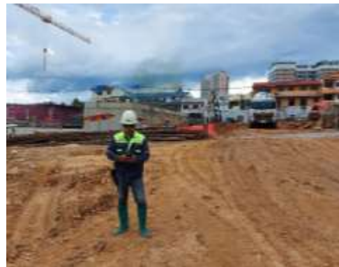
รูปที่ 24 SAFETY
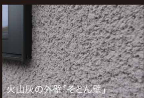
火山灰の外壁「そとん壁」

呼吸する外壁「火山灰そとん壁」：100%自然素材でありながら、独自のメカニズムにより、防水性と透湿性を両立。
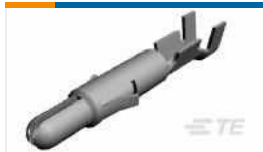
TE Teilnr.:350706-7 UMNL SPLIT PIN 24-18 AUBR L/P
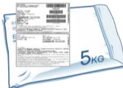
列印交貨便服務單黏貼於商品上 或抄下交貨便代碼
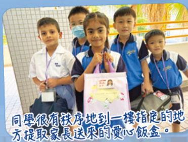
同學很有秩序地到一樓指定的地方提取家長送來的愛心飯盒。
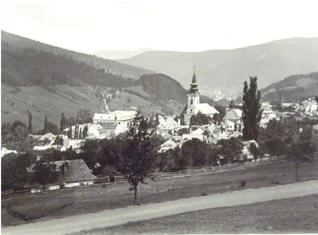
Diaľkový pohľad na sídlo pri príchode od Štósu pred rokom 1905

____________

[Required work]: Pictures must not appear in the copy, and every record must be restated word for word.

[Exercise answer]:
รูปที่ 24 SAFETY
火山灰の外壁「そとん壁」

呼吸する外壁「火山灰そとん壁」：100%自然素材でありながら、独自のメカニズムにより、防水性と透湿性を両立。
TE Teilnr.:350706-7 UMNL SPLIT PIN 24-18 AUBR L/P
列印交貨便服務單黏貼於商品上 或抄下交貨便代碼
同學很有秩序地到一樓指定的地方提取家長送來的愛心飯盒。
Diaľkový pohľad na sídlo pri príchode od Štósu pred rokom 1905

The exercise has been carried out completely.